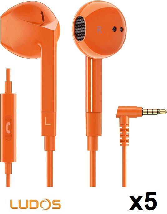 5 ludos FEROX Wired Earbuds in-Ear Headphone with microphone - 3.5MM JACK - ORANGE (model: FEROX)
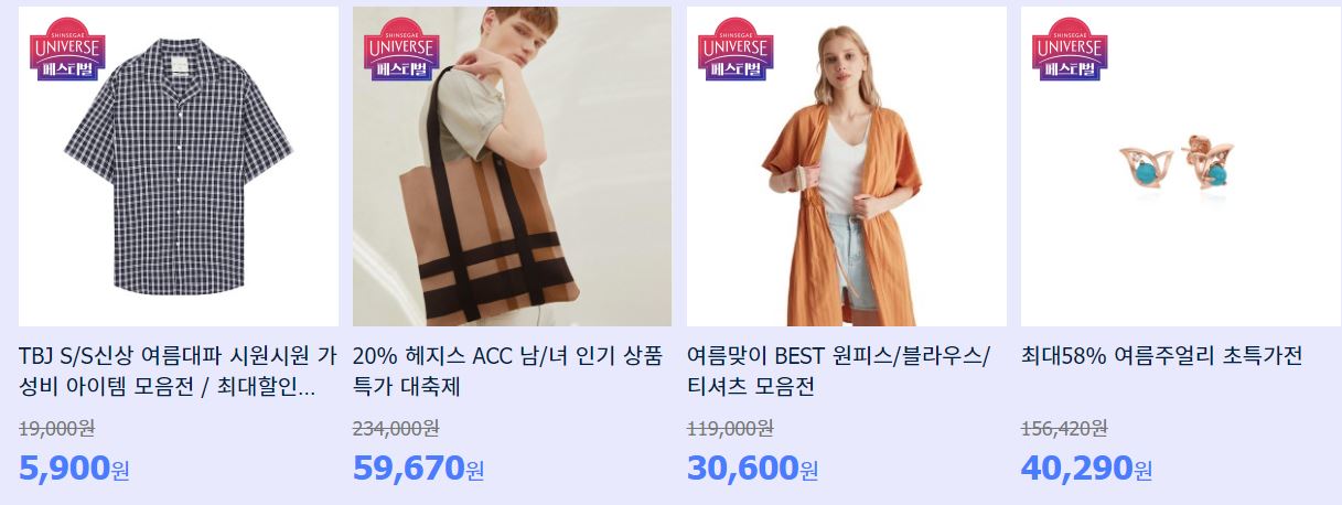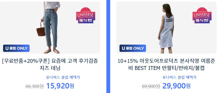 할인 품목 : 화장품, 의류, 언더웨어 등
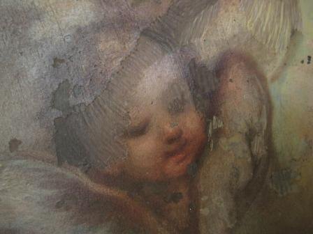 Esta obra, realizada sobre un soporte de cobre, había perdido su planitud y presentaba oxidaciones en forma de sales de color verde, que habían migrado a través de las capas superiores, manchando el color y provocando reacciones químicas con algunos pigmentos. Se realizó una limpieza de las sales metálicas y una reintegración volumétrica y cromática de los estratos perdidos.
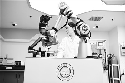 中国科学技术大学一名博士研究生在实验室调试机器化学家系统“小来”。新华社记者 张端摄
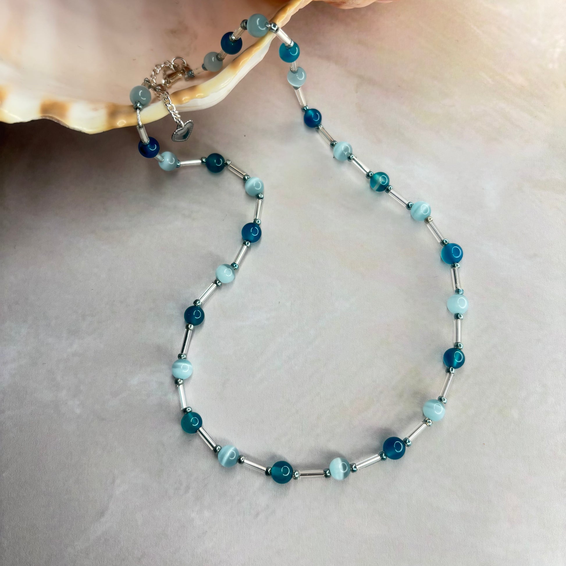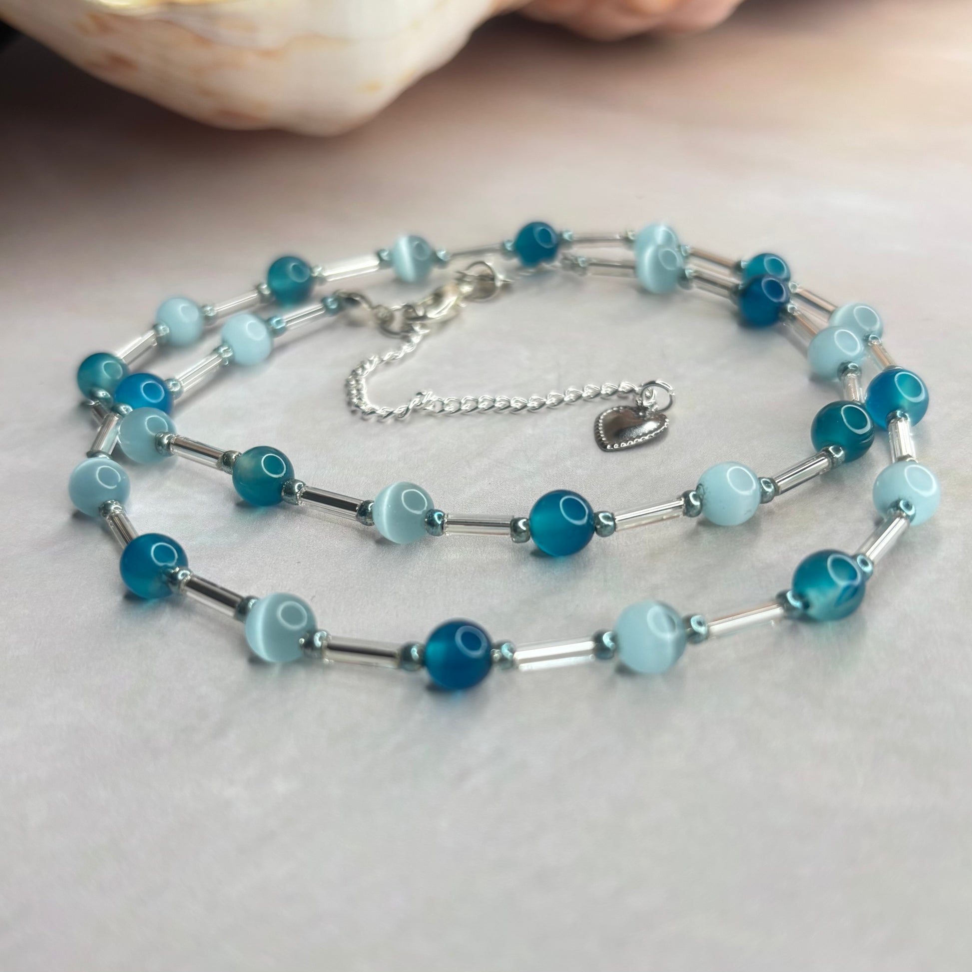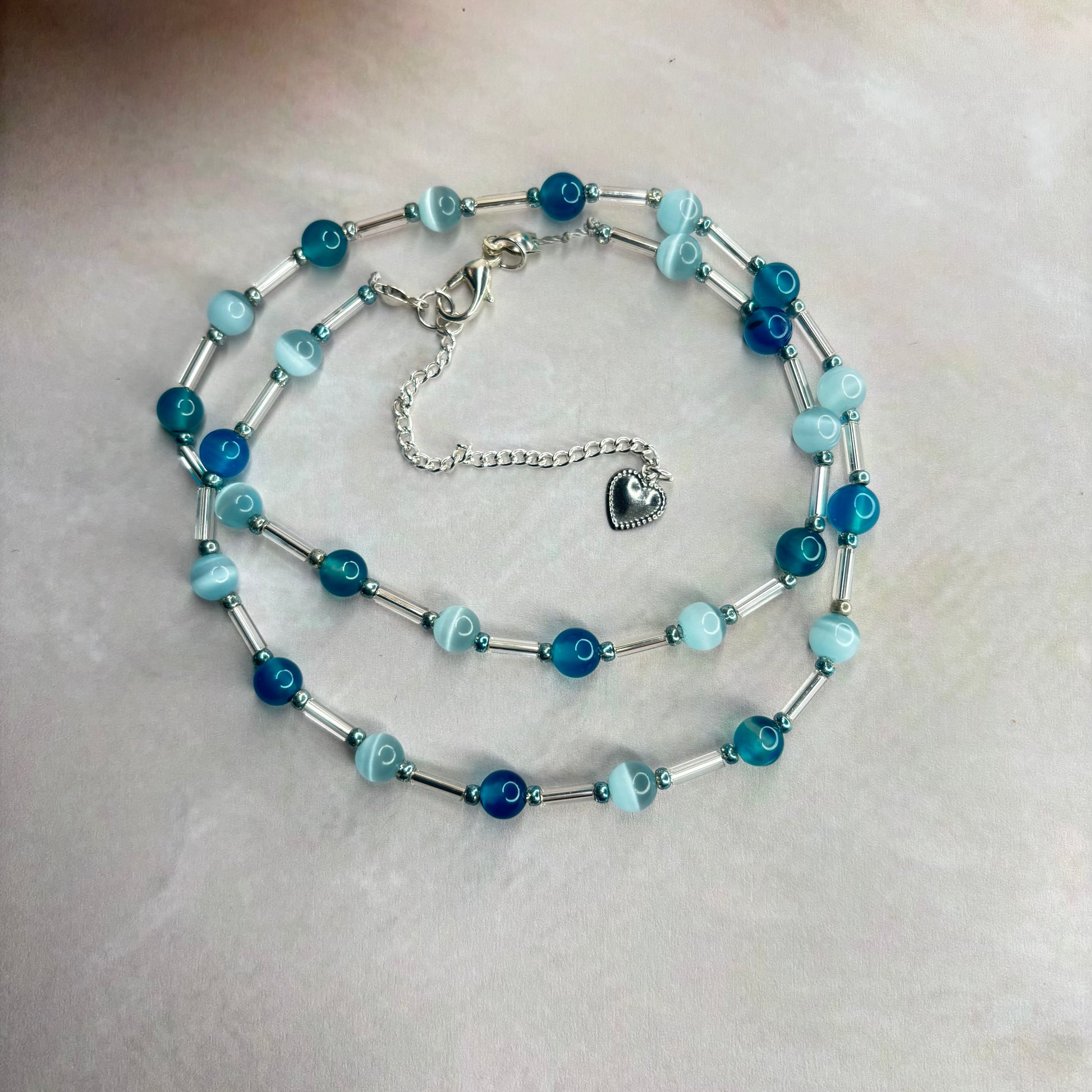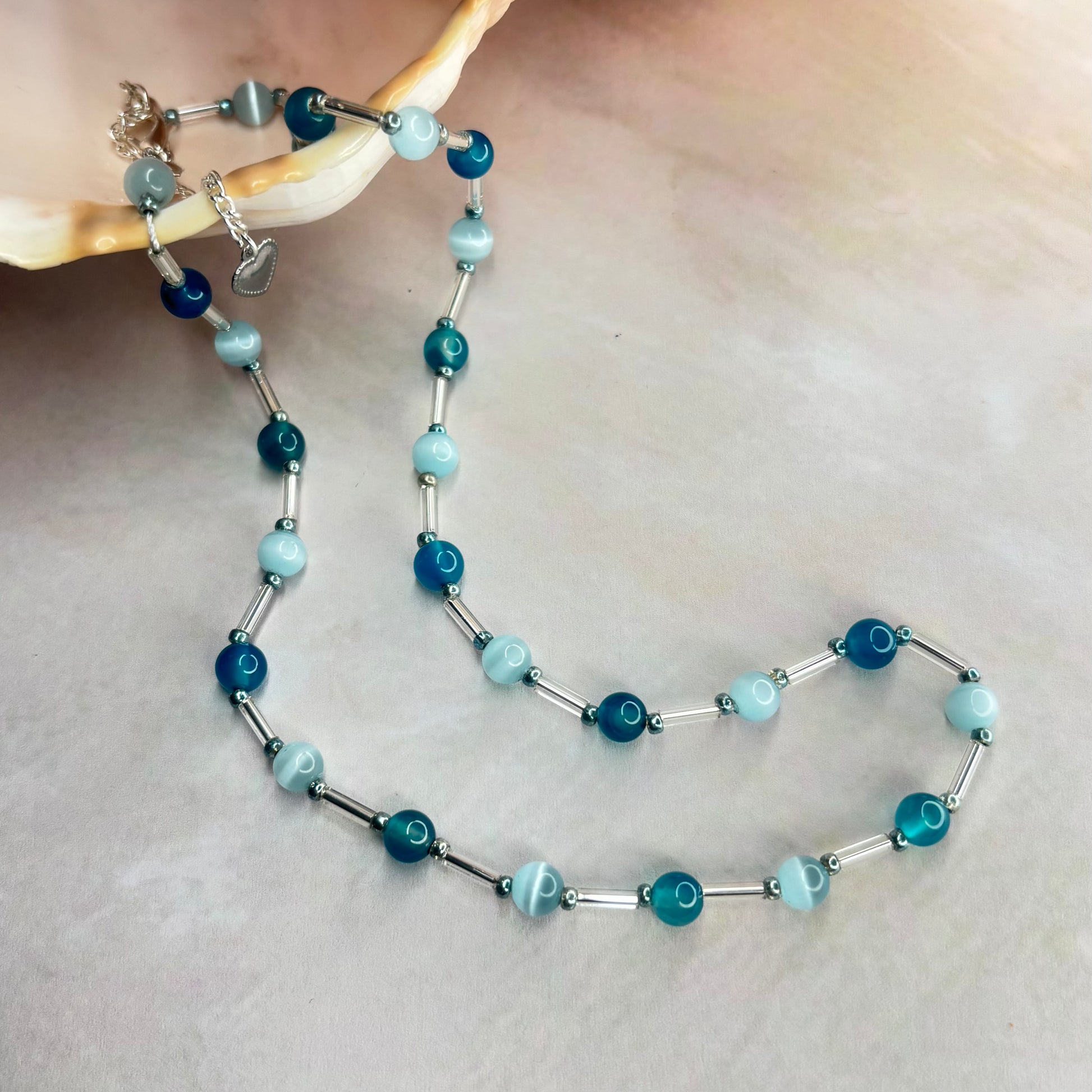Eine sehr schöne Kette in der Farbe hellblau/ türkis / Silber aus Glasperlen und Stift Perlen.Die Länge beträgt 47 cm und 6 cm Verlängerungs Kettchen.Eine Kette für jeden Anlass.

○ ○ ○ ○

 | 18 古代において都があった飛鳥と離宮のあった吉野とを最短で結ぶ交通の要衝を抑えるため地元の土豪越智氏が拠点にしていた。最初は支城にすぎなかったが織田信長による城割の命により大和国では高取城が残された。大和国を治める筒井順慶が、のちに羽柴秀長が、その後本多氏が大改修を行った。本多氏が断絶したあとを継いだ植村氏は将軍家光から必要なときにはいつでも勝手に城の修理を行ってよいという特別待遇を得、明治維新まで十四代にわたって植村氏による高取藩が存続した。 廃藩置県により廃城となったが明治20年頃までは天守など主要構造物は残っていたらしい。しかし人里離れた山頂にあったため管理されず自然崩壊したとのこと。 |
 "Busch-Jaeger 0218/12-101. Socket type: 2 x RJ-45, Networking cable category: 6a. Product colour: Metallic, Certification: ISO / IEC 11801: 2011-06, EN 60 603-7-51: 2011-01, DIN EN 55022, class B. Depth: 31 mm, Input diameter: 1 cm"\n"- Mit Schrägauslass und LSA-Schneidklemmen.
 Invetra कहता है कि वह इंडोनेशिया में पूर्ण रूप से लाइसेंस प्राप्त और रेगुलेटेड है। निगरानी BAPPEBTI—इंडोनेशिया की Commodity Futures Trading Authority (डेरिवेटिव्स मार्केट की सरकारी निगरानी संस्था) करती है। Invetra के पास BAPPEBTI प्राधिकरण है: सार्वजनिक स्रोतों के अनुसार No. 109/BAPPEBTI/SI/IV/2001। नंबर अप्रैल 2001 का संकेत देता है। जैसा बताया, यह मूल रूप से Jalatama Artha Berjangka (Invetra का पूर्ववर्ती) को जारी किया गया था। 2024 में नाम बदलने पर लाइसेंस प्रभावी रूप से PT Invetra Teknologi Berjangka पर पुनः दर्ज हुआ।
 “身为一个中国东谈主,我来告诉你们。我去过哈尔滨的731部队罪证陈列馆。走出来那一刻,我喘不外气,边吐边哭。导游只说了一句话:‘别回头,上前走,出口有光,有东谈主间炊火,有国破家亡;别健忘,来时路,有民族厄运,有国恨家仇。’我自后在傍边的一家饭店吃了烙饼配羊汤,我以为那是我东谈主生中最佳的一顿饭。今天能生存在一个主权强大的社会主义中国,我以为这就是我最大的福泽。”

○ ○ ○ ○

Work instructions: Set down word for word the lines above from the one with "5 ludos FEROX" up to and including the one with "Eine sehr schöne". Omit every picture.

Reply to the task:
 5 ludos FEROX Wired Earbuds in-Ear Headphone with microphone - 3.5MM JACK - ORANGE (model: FEROX)
 할인 품목 : 화장품, 의류, 언더웨어 등
 Esta obra, realizada sobre un soporte de cobre, había perdido su planitud y presentaba oxidaciones en forma de sales de color verde, que habían migrado a través de las capas superiores, manchando el color y provocando reacciones químicas con algunos pigmentos. Se realizó una limpieza de las sales metálicas y una reintegración volumétrica y cromática de los estratos perdidos.
 中国科学技术大学一名博士研究生在实验室调试机器化学家系统“小来”。新华社记者 张端摄
Eine sehr schöne Kette in der Farbe hellblau/ türkis / Silber aus Glasperlen und Stift Perlen.Die Länge beträgt 47 cm und 6 cm Verlängerungs Kettchen.Eine Kette für jeden Anlass.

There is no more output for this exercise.